DATASET EXTRACT →

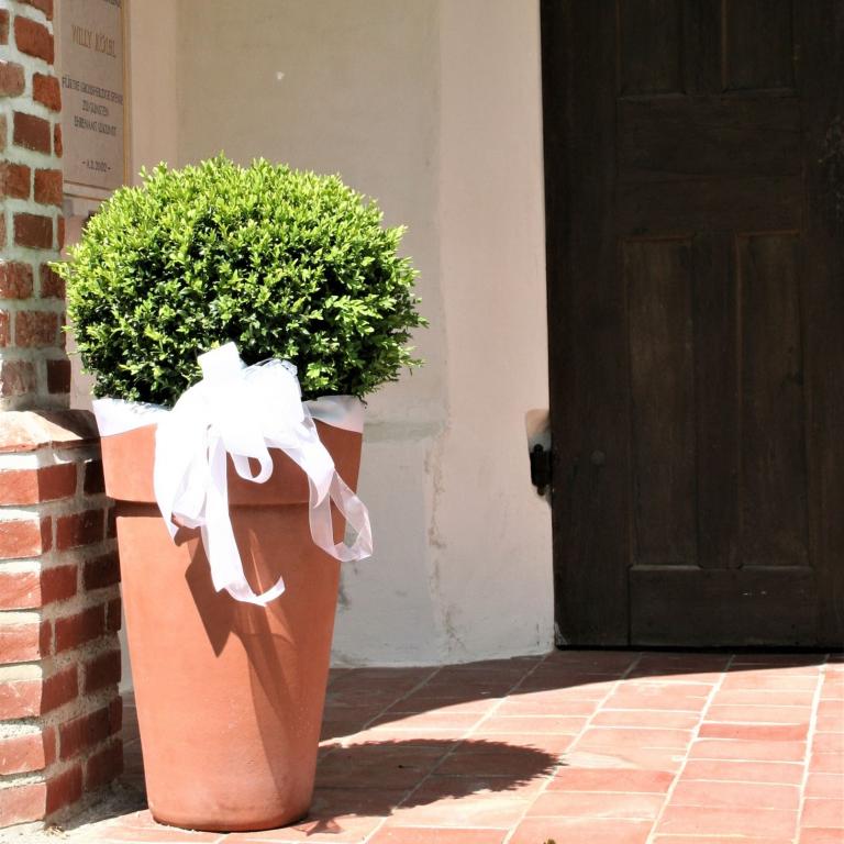 Ein florales Arrangement im oder vor dem Eingangsbereich weckt die Sinne Ihrer Gäste und verleiht ein einladendes Gefühl zur bevorstehenden Zeremonie.
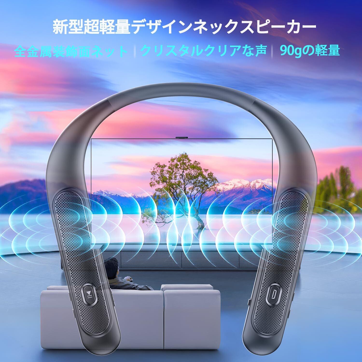 【テレビに接続可能&幅広いシーンで活躍】Bluetoothスピーカーはテレビと簡単に接続できます。ネックスピーカーと耳の位置が近くて耳元でクリアで音声が聞けます。そのため、映画やドラマなどの視聴時に、ワイヤレスで高品質な音を楽しむことができます。さらに、スポーツやジョギングなどのアクティブなシーンでも活躍し、自由な動きを妨げません。(※ご注意:開放感があるネックスピーカーですので、多少の音漏れはしますが、気になるならどうぞよくご検討ください)。
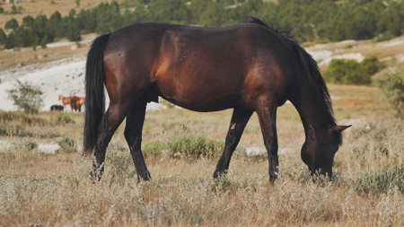 Dark horse grazing in the dry steppe of Crimea near Belogorsk
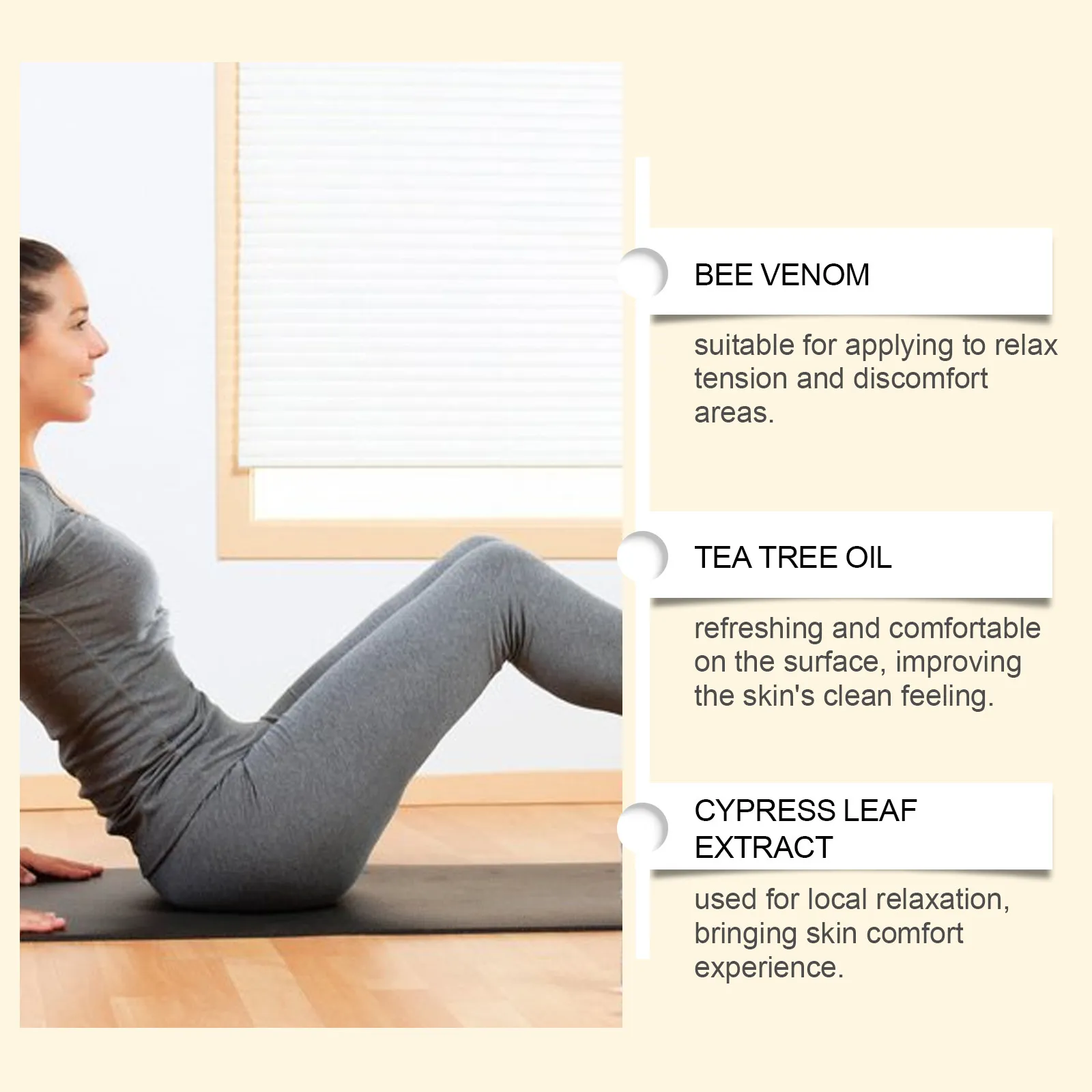 Active ingredients:Mint leaf. Bee venom, tea tree oil, Cypress leaf extract

TASK OBJECTIVE → Your answer must reproduce exactly the lines from the line with "Dark horse grazing" through the end of the material, both ends included, with every picture dropped.

YOUR RESPONSE →
 Dark horse grazing in the dry steppe of Crimea near Belogorsk
 Active ingredients:Mint leaf. Bee venom, tea tree oil, Cypress leaf extract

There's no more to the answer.